Task details: Your task is to output the listing exactly, leaving every image out.

=== Given information ===

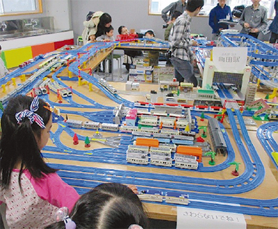 「ボランティアのお兄さんたちが作る超ロングなプラレールです。電車の持ち込みもOKです」と同センター。持ち込む電車には必ず記名を。
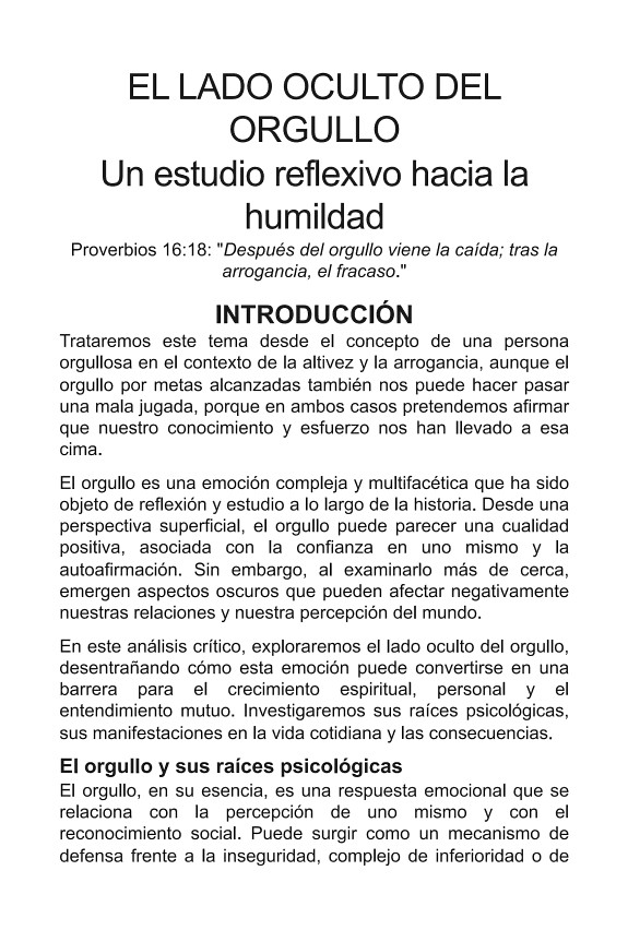 En nuestra cultura posmoderna, el orgullo y la autosuficiencia se exaltan, creando una presión intensa para destacar y alcanzar el éxito personal. Este énfasis en la independencia y la autoconfianza puede llevar a una distorsión de nuestro autoconcepto, inflando nuestro ego y haciéndonos creer que nuestras capacidades intelectuales, espirituales, son superiores a las de los demás. Esta percepción errónea nos ciega a nuestras propias fallas y nos impide reconocer la importancia de la comunidad y la interdependencia. El orgullo daña gravemente la comunicación dentro de la familia, o la comunidad, generando tensiones y conflictos al impedir la admisión de errores y la disposición a pedir perdón. La negativa a reconocer nuestras propias limitaciones y la resistencia a la colaboración pueden llevar al resentimiento, la amargura y la fragmentación de las relaciones. Para superar estos desafíos, es esencial cultivar la humildad y el respeto mutuo. La vida devocional, la reflexión personal y el autoexamen son herramientas poderosas para identificar y abordar el orgullo en nuestra vida cotidiana. Todo a la luz de las Escrituras.
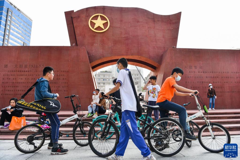 5月3日,一群青年學生在廣州團一大廣場上。
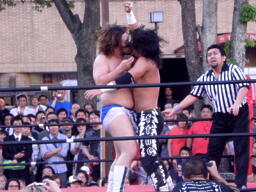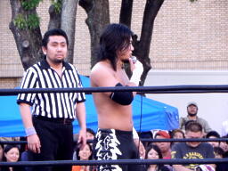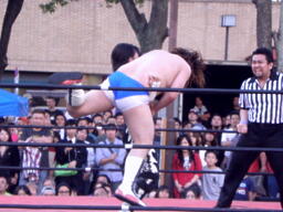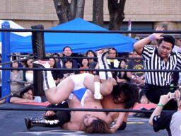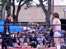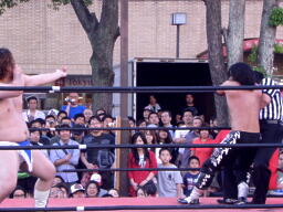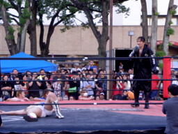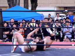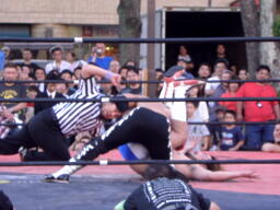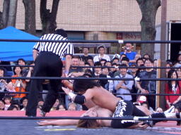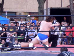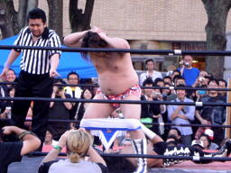 ディーノパイプカッター、男色ドライバー狙う、佐々木はスクールボーイ(右写真)、意識を取り戻した松井レフェリーがカウント、2。
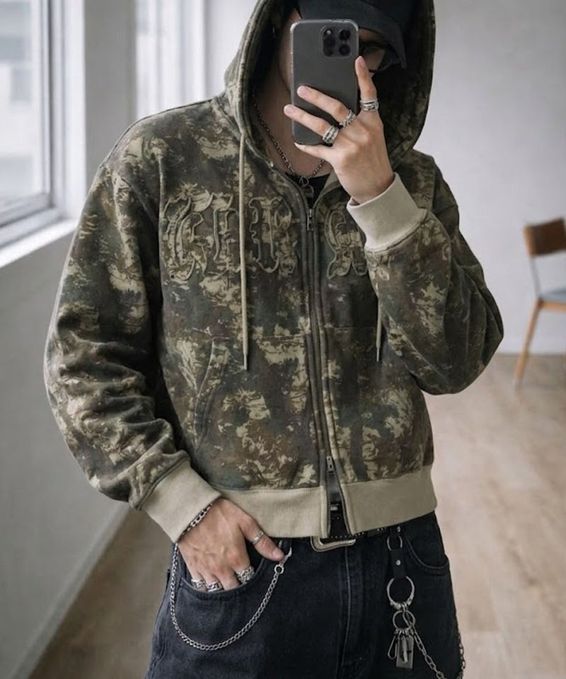 ワークテイストを感じさせる 短丈ダブルジップパーカー。
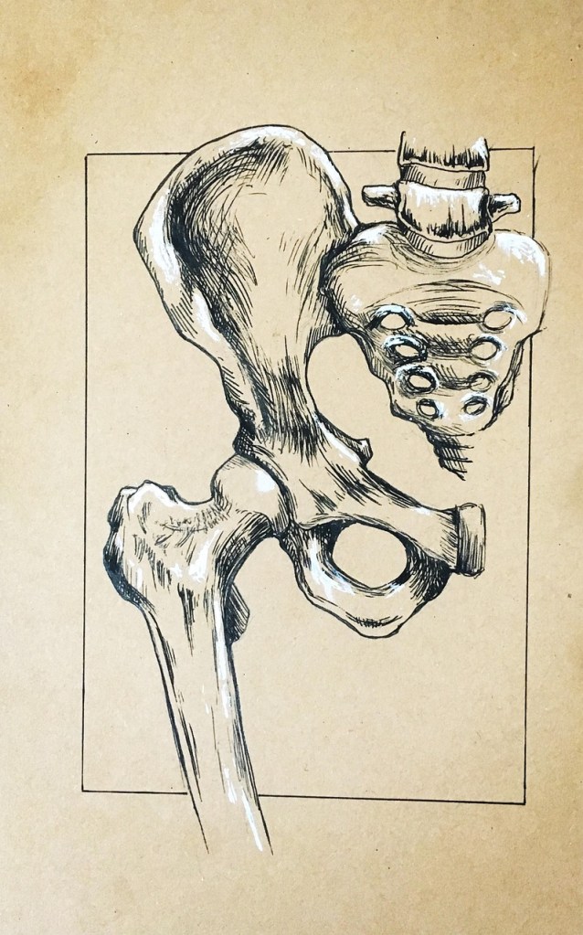 Då kom min hjärna på bilden av mitt kraftcentrum, min centrering, hur jag kunde tänka att om handen gick framåt så skulle min centrering gå bakåt så att jag blev mobilt stabilare i området av bäcken och korsben. Jag tänkte då att jag hade ett litet motstånd framför mig som jag mjukt tryckte in mina händer mot och genom den försöka hitta en aktivering lååångt ner i bäckenets bakre del så korsbenet både stabiliserade sig, så resten av ryggraden kunde växa upp ur den, och kunde tillåta viss rörlighet i lederna som kopplar ihop korsben och bäcken, att skapa en naturlig svank och där med också få ett trevligt nyttjande av psoas-musklerna/höftböjarmusklerna så jag kunde gå med hästen och inte slänga med benen. Det gjorde susen för ridningen där och då.
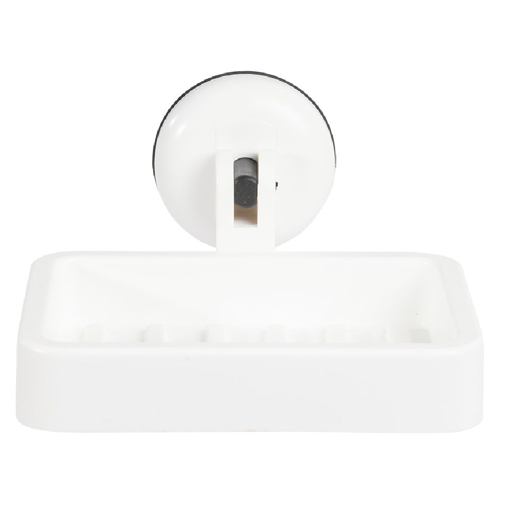 This practical white plastic soap dish can be attached without screws or drilling using its suction cup.

===

The answer:
 「ボランティアのお兄さんたちが作る超ロングなプラレールです。電車の持ち込みもOKです」と同センター。持ち込む電車には必ず記名を。
 En nuestra cultura posmoderna, el orgullo y la autosuficiencia se exaltan, creando una presión intensa para destacar y alcanzar el éxito personal. Este énfasis en la independencia y la autoconfianza puede llevar a una distorsión de nuestro autoconcepto, inflando nuestro ego y haciéndonos creer que nuestras capacidades intelectuales, espirituales, son superiores a las de los demás. Esta percepción errónea nos ciega a nuestras propias fallas y nos impide reconocer la importancia de la comunidad y la interdependencia. El orgullo daña gravemente la comunicación dentro de la familia, o la comunidad, generando tensiones y conflictos al impedir la admisión de errores y la disposición a pedir perdón. La negativa a reconocer nuestras propias limitaciones y la resistencia a la colaboración pueden llevar al resentimiento, la amargura y la fragmentación de las relaciones. Para superar estos desafíos, es esencial cultivar la humildad y el respeto mutuo. La vida devocional, la reflexión personal y el autoexamen son herramientas poderosas para identificar y abordar el orgullo en nuestra vida cotidiana. Todo a la luz de las Escrituras.
 5月3日,一群青年學生在廣州團一大廣場上。
 ディーノパイプカッター、男色ドライバー狙う、佐々木はスクールボーイ(右写真)、意識を取り戻した松井レフェリーがカウント、2。
 ワークテイストを感じさせる 短丈ダブルジップパーカー。
 Då kom min hjärna på bilden av mitt kraftcentrum, min centrering, hur jag kunde tänka att om handen gick framåt så skulle min centrering gå bakåt så att jag blev mobilt stabilare i området av bäcken och korsben. Jag tänkte då att jag hade ett litet motstånd framför mig som jag mjukt tryckte in mina händer mot och genom den försöka hitta en aktivering lååångt ner i bäckenets bakre del så korsbenet både stabiliserade sig, så resten av ryggraden kunde växa upp ur den, och kunde tillåta viss rörlighet i lederna som kopplar ihop korsben och bäcken, att skapa en naturlig svank och där med också få ett trevligt nyttjande av psoas-musklerna/höftböjarmusklerna så jag kunde gå med hästen och inte slänga med benen. Det gjorde susen för ridningen där och då.
 This practical white plastic soap dish can be attached without screws or drilling using its suction cup.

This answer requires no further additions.